FTC Allegations Against Temu and Key Settlement Terms
In its complaint against Whaleco, Inc., the operator of online gamified shopping platform Temu, the FTC alleged that Temu failed to provide a mechanism to report suspicious activity and failed to adequately disclose required seller information. The FTC alleged that during certain time periods Temu failed to provide any mechanism for consumers to report suspicious marketplace activity, and that even once it did provide such a mechanism it was not disclosed “clearly and conspicuously.”
The FTC alleged Temu failed to clearly and conspicuously disclose high-volume sellers’ contact information, because consumers had to “locate a series of small, unobtrusive links, or click numerous links” to locate seller identity information, and because the relevant links were vaguely labeled “See all.”
To resolve the matter, Temu agreed to pay a $2 million civil penalty. Temu also agreed to requirements to disclose the reporting mechanism and high-volume sellers’ contact information clearly and conspicuously, including:
- Placing the disclosures at the top of product listings or on the same screen as product descriptions;
- Using font size and contrast to ensure they are visible to reasonable consumers;
- Using language understandable to reasonable consumers;
- Requiring no more than one click to access the reporting mechanisms or contact information;
- Placing the reporting mechanism and contact information in every format through which consumers access the platform; and
- If a reporting mechanism is hyperlinked, using text conveying that clicking the hyperlink enables consumers to report suspicious marketplace activity.
In addition, the settlement requires that the telephonic reporting mechanism must allow consumers to listen back to, re-record, and accept a report before submitting it, and it must have “audible instructions delivered in a volume, speed, and cadence sufficient for reasonable consumers to easily hear and understand.”
Compliance Tips for Online Marketplaces
Any company that provides an online forum for other entities to sell goods and services should consider whether they may be covered by the INFORM Consumers Act. For example, online gaming platforms may be covered if they facilitate the sale of games by third-party sellers.
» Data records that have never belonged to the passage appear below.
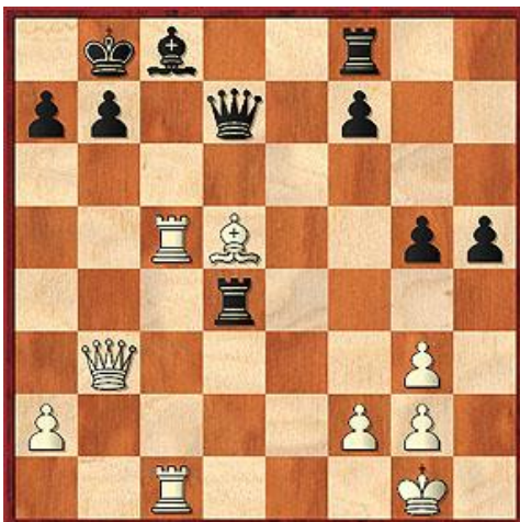
White to play
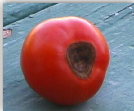
Figure 9. Blossom end rot on tomato is caused by water imbalance between the fruit and soil. The soil could be too wet, too dry, or root could be cut by cultivation. It could be aggravated by soil compaction and poor soil preparation.
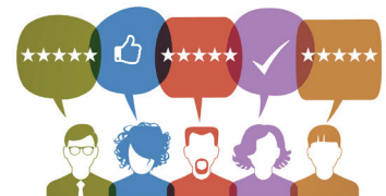
IMPROVE SOCIAL MEDIA & ONLINE REVIEWS
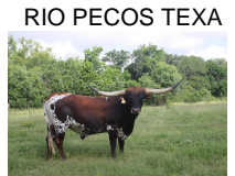
RIO PECOS TEXA
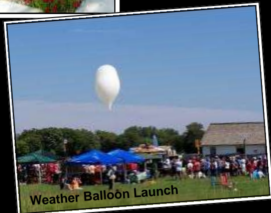
Weather Balloon Launch
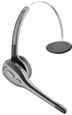
CT40 mobile computer with Honeywell Guided Voice application and SRX SL headset

» Click Here to learn How to Clean Honeywell's General-Purpose Scanners and Disinfectant-Ready Products
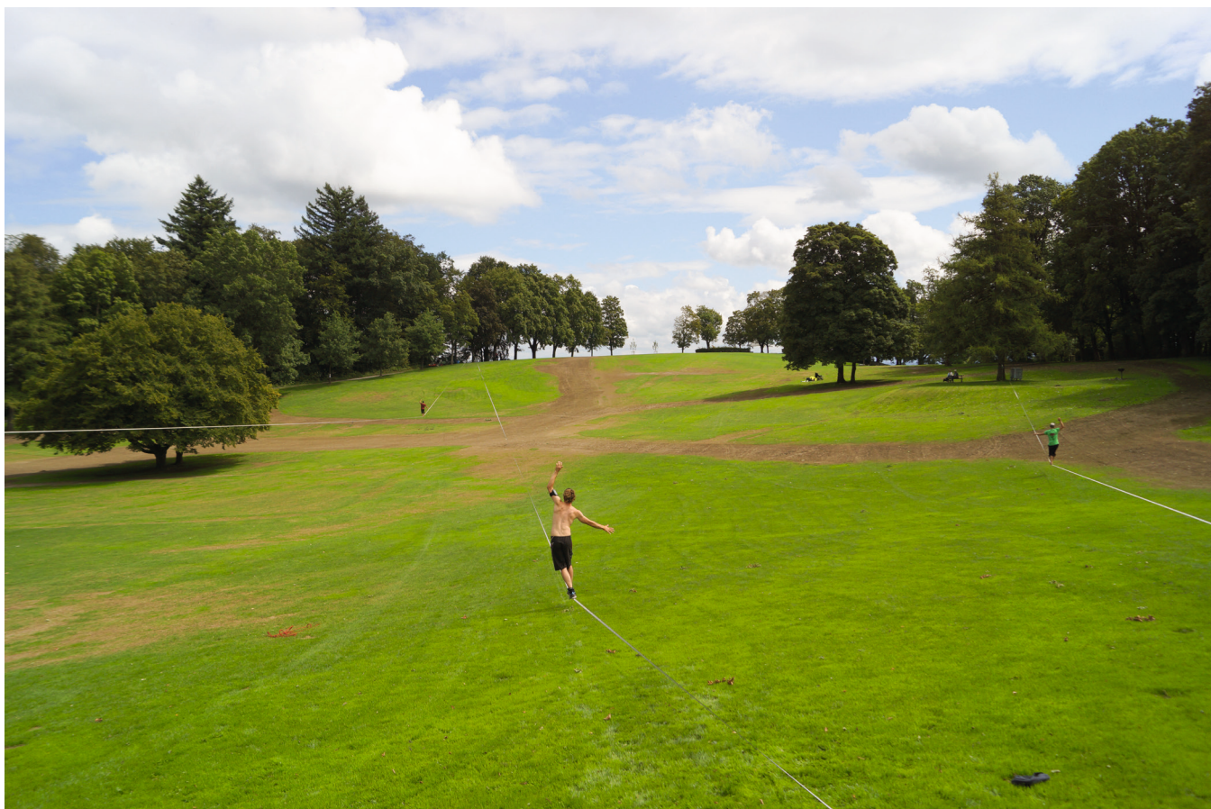
Fig. 8: You need to apply for a permit to be allowed to slackline in this park. The possible slacklines have been defined in cooperation with the owner of the park. A written agreement records the rights and duties of both, the owners and managers of the land as well as the slackliners.
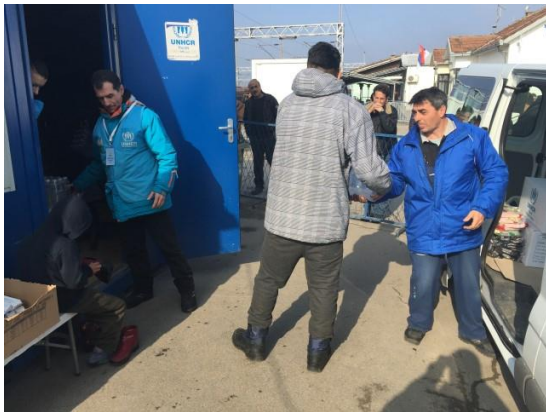
Distribution of non-food items at the train station, Šid (Serbia), 9 March 2016

Approximately 470 stranded refugees remained in the Sid RAP. No train arrived from Croatia to Sid train station, consequently there were no departures.
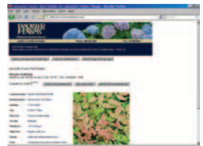
Growth information and plant photos.
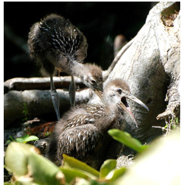
Reducing nitrates will allow these baby Limpkins to continue to flourish in the Rainbow River

On June 29 th the FDEP adopted 13 BMAPs to affect 24 Outstanding Florida Springs, one of them being the Silver/Rainbow BMAP. In 2015 FDEP had adopted a BMAP for the Rainbow alone with the stated goal of reducing nitrate levels in the Rainbow River by 30% in the first 5 years. Well, three years went by and nitrates continued to climb to 2.6 mg/L. Now we have a re-start with the same goals, an 82% nitrate reduction in 20 years. The trouble here is that there are no teeth in the BMAPs. They rely mainly on voluntary compliance with nitrate reduction goals. For instance, in the Rainbow recharge basin agricultural practices contribute 54% of the nitrates and voluntary Best Management Practices (BMPs) are the only management tool. This is our most serious environmental problem and the state is using a fly swatter to attack the elephant in the room.

Social commerce platforms that combine social media features with e-commerce capabilities should also determine whether the Act applies to them.
Companies subject to the Act should assess their compliance programs. Implementing automated systems to track when sellers become “high-volume third-party sellers” aids compliance with the short 10-day requirements to obtain and verify bank, tax, and contact information.
The FTC’s settlement with Temu provides insight about practices that – even if not required by the statute – may help provide defenses against enforcement.
- First, companies should make efforts to make telephonic reporting mechanisms and electronic messaging systems reasonably easy for consumers to use and understand.
- Second, companies may consider limiting the number of clicks it takes to reach information, placing important information at the top of product listings, and using text size, color, and contrast to ensure visibility.
- Third, covered marketplaces should review and ensure that required disclosures appear across consumer platforms, including desktop browsers and mobile devices.
Covered platforms should also understand that the INFORM Consumers Act has many complex requirements, and that fashioning clear and conspicuous disclosures is best done in the context of each platform’s user interface.